Does anybody know a solution to the problem ?
Thanks for your help,
François Valenduc _________________ François Valenduc |
|
Back to top |
|
|
chrroessner Apprentice
Joined: 02 Dec 2003 Posts: 156 Location: Germany
|
Posted: Sun Feb 05, 2006 3:50 pm Post subject: |
|
|
Check /etc/env.d/70less for the LESSCHARSET option (like in the doc described). env-update and check the /etc/man.conf NROFF thing. This should fix your problems, I hope.
Rössi |
|
Back to top |
|
|
FrancoisVal Tux's lil' helper
Joined: 12 May 2005 Posts: 82 Location: Namur, Belgique
|
Posted: Sun Feb 05, 2006 4:58 pm Post subject: |
|
|
Thanks for your answer.
Unfortunately, that didn't solve the problem. I had already a line export LESSCHARSET=utf-8 in the ZSH config file (/etc/zsh/zshenv) and that doesn' work better. I had read in the Howto that ZSH didn't provide support for utf8 but it doesn't seem to be true anymore. I manage to display and manage utf8 characters correctly with ZSH (in console or in a grahical terminal). I have also tried with bash but I still have problems with manpages. Is it really possible to use man and utf8 correctly when you are native french speaker and want to read french with accents or other charaters (like é, è, à, ç...) ? All these characters are not reproduced correctly in man pages.
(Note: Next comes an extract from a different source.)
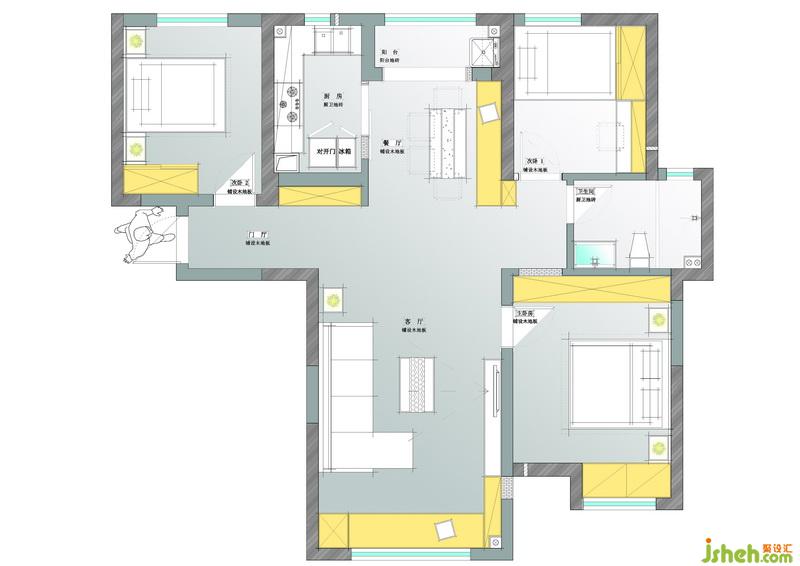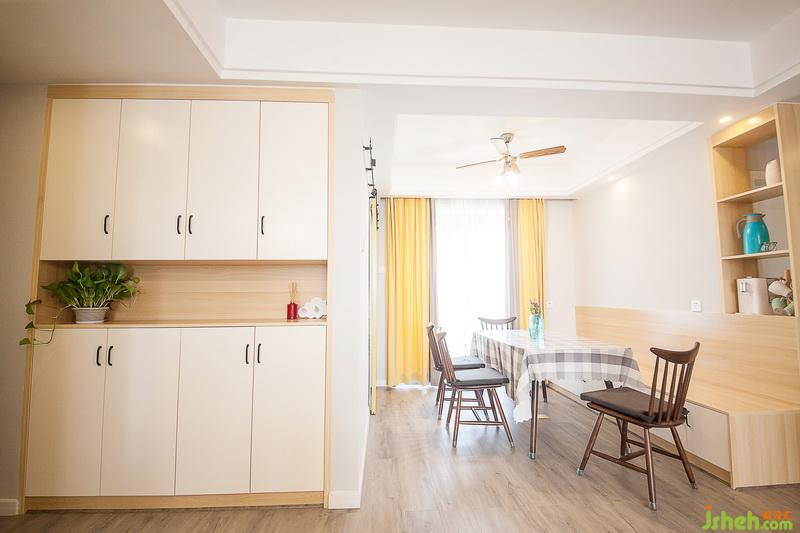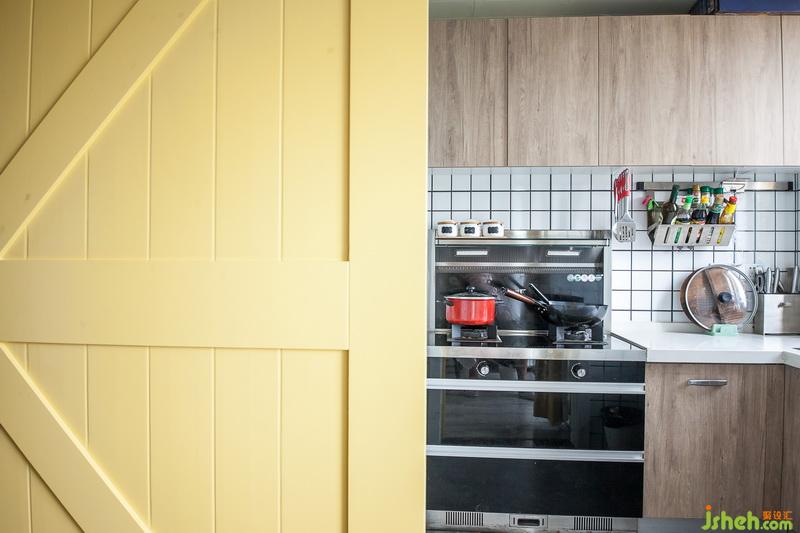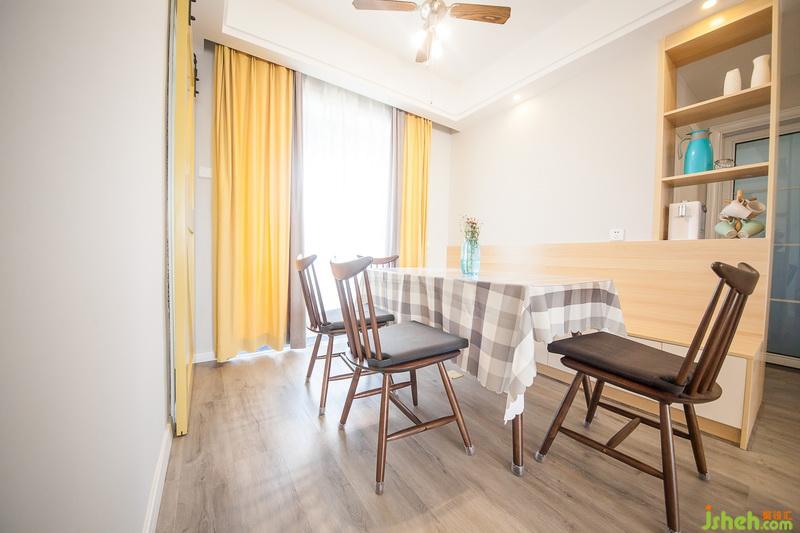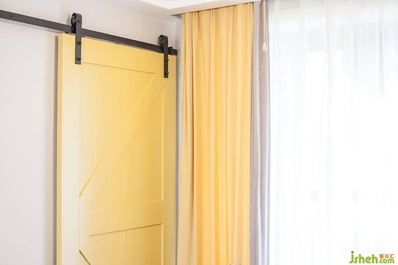 室內(nèi)設(shè)計師將餐廳的窗簾與客廳陽臺呼應(yīng),也選用灰色與黃色拼接的窗簾,搭配廚房黃色的谷倉門,簡單而又熱情的,喚醒著每個清晨。

For example, for "é", I get "é". _________________ François Valenduc |
|
Back to top |
|
|
ecatmur Advocate
Joined: 20 Oct 2003 Posts: 3595 Location: Edinburgh
|
|
Back to top |
|
|
FrancoisVal Tux's lil' helper
Joined: 12 May 2005 Posts: 82 Location: Namur, Belgique
|
Posted: Mon Feb 06, 2006 9:10 pm Post subject: |
|
|
I have tested and when I type echo $'\xc3\xa9', I get "é" in konsole, xterm or in a text console. If I use bash or zsh, the "é" is displayed correctly. When I use less to view a file, french characters are displayed correctly (in all the situations listed here above). So the problem is really due to man, groff or nroff. As explained in the howto, I have put the following line in the /etc/man.conf:
NROFF /usr/bin/nroff -mandoc -c
Is there a minimal version of man or groff required to use UTF8 encoding correctly ?
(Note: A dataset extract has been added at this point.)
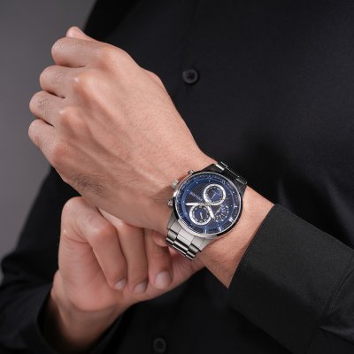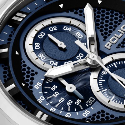 This Police watch has a case made of stainless steel with a diameter of 43 mm and is fitted with a stainless steel band. Inside the case lies a Seiko Instruments Inc. movement and the watch features a Mineral crystal.

Thanks for your help _________________ François Valenduc |
|
Back to top |
|
|
ecatmur Advocate
Joined: 20 Oct 2003 Posts: 3595 Location: Edinburgh
|
Posted: Mon Feb 06, 2006 11:24 pm Post subject: |
|
|
The comments in man.conf suggest that in some circumstances nroff will "double convert" to utf8 i.e. it interprets a utf8 stream as iso8859 (latin1) and applies the latin1->utf8 conversion. That would give the results you are experiencing.
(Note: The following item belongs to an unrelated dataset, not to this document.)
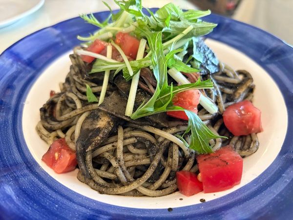 以前土曜日に行ったのですが、パスタセット(好きなパスタ料理に小さな前菜・バゲット、そしてコーヒーか紅茶が付く土日祝日限定のセット、パスタ価格+390円)を食べた時のパスタをご紹介。 こちらは「ビアンカ特製イカスミソース」(1100円)。スパゲティ―かリゾットを選択できスパゲティ―に。そこまで塩気が強すぎず野菜との相性もばっちりで、イカスミの墨色にトマトの赤や水菜の緑が映えます!
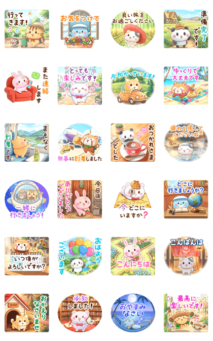 ゆったり温泉気分の世界観がそのまま飛び出してきて、まず癒し度が高い。 ぽわっとした動きが可愛くて、送るだけで相手の力がふっと抜ける感じがいい。 「いってきます」「おつかれさま」みたいな日常フレーズが揃ってて使いやすさ抜群。 色味もやわらかくて、トーク画面がほのぼのムードになるのが嬉しい。 押しつけがましくない“ゆるさ”が絶妙で、誰にでも送りやすいのが強み。 おでかけ系だけじゃなく、普段のやり取りにも自然にハマる万能さがある。 癒し+実用性のバランスが最高で、常備スタンプにしたくなるタイプだよね(⋈◍>◡<◍)。✧♡(2026/04/25 11:17)

Try "/usr/bin/nroff -c -mandoc -Tlatin1". _________________ No more cruft
dep: Revdeps that work
Using command-line ACCEPT_KEYWORDS? |
|
Back to top |
|
|
neysx Retired Dev
Joined: 27 Jan 2003 Posts: 795
|
Posted: Tue Feb 07, 2006 11:37 am Post subject: |
|
|
With a fr_FR.utf8 locale and /usr/bin/nroff -c -mandoc -Tlatin1 in man.conf, it almost works but not quite as some characters are still borked. With /usr/bin/nroff -mandoc -Tlatin1 (remove -c), underlined é are displayed properly, but all à are show as <C3>.
Strangely enough, /usr/share/man/fr/man1/man.1.gz is utf-8 encoded. I am not familiar with man pages and *roff stuff, but it looks like there's some conversion to another encoding (latin?) and then another one back to utf8, and some chars are lost in the process.
If you recode /usr/share/man/fr/man1/man.1.gz to latin: Code: | gunzip /usr/share/man/fr/man1/man.1.gz
recode u8..l9 /usr/share/man/fr/man1/man.1 | and use /usr/bin/nroff -mandoc in man.conf, then man man is properly displayed.
Keeping the same setup, I tried man nano. Guess what, it works. Why? /usr/share/man/fr/man1/nano.1.gz is latin9-encoded.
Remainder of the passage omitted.